This paper presents our effects for Cross-cultural Emotion Sub-challenge in the Audio/Visual Emotion Challenge (AVEC) 2018, whose goal is to predict the level of three emotional dimensions time-continuously in a cross-cultural setup. We extract the emotional features from audio, visual and textual modalities. The state of art regressor for continuous emotion recognition, long short term memory recurrent neural network (LSTM-RNN) is utilized. We augment the training data by replacing the original training samples with shorter overlapping samples extracted from them, thus multiplying the number of training samples and also beneficial to train emotional temporal model with LSTM-RNN. In addition, two strategies are explored to decrease the interlocutor influence to improve the performance.
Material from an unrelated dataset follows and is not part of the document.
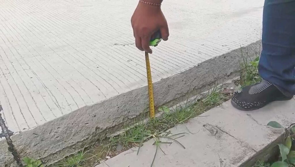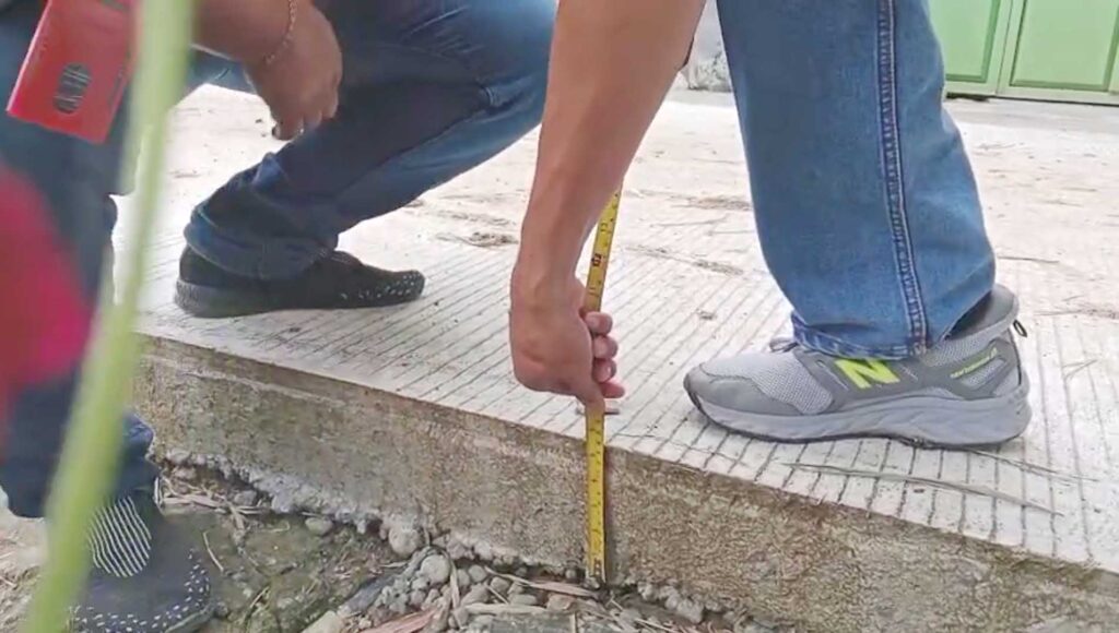 Tim juga meninjau proyek rabat beton lain di dusun yang sama dengan anggaran hampir Rp53 juta. Pada papan proyek tertera dua volume pekerjaan dengan ketebalan 15 sentimeter. Namun hasil pengukuran di lapangan menunjukkan ketebalan rata-rata hanya 13 hingga 14 sentimeter.

We also compare the performance of feature level fusion and decision level fusion. The experimental results show the efficiency of the proposed method and competitive results are obtained.
基于递归神经网络的数据增强多模态连续情绪识别
本文介绍了我们在2018年视听情感挑战赛(AVEC)中的跨文化情感子挑战中的效果,该挑战赛的目标是预测跨文化背景下三个情感维度的时间连续水平。我们从音频、视觉和文本模式中提取情感特征。利用当前最先进的连续情绪识别回归器——长短期记忆递归神经网络(LSTM-RNN)。我们通过用从原始训练样本中提取的更短的重叠样本替换原始训练样本来增强训练数据,从而增加了训练样本的数量,也有利于LSTM-RNN训练情绪时间模型。此外,本文还探讨了两种策略来降低对话者的影响,从而提高绩效。我们还比较了特征级融合和决策级融合的性能。实验结果表明了该方法的有效性,并取得了较好的结果。
本文章由计算机程序翻译,如有差异,请以英文原文为准。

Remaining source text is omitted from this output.